Math could predict Oscar award winners

Oscar

The Academy of Motion Picture Arts and Sciences has published the 2005 nominees for its prestigious Oscar film awards. The list has attracted criticism with regards to absent names as well as rampant speculation about who is the worthy winner in each category.

Decision scientist Iain Pardoe of the Lundquist College of Business at the University of Oregon explains how to select candidates in the latest edition of Chance. According to Science News, Pardoe tackles the sometimes complex decision of selecting winners in the four major Oscar awards - Best Picture, Best Director, Best Actor in a leading role and Best Actress in a leading role - from each year’s nominations.

Pardoe believes that the Oscar Awards panel do not fully exploit formal statistical analysis and that therefore the result is not always empirical.

Several factors could facilitate the decision making process; Other Oscar category nominations, previous nominations and wins and previous movie awards can all serve as predictors. In order to pick out the most significant of these, Pardoe made use of a technique known as discrete choice modeling.

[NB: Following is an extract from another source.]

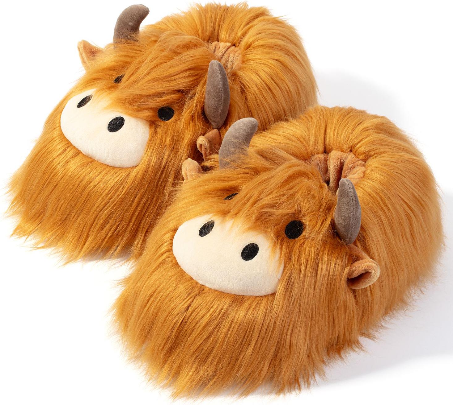 Corimori Plüsch Highland Cow Hochland-Rind Pantoffeln Plüsch Hausschuhe (Packung, Geschenk) Flauschige Highland Cow Pantoffeln, Slipper, EU Einheitsgröße 34-44 (braun)

With this technique an outcome is determined by several decisions. It involves a sequence of choices—made from a finite set of alternatives by individuals in the population under consideration. The probabilities are calculated using a ‘multinomial logit’ model. To demonstrate his proposed selection technique, Pardoe used data from 1928 to 1938 to make predictions for 1939, then cumulative data for each succeeding year.

Pardoe's results go some way to explaining the disagreements that usually arise after the Oscars. His study put actors who were somehow downplayed into favorable positions for winning awards in several years.

Pardoe’s study could send a positive message about the role of mathematics to people working in the film industry and media.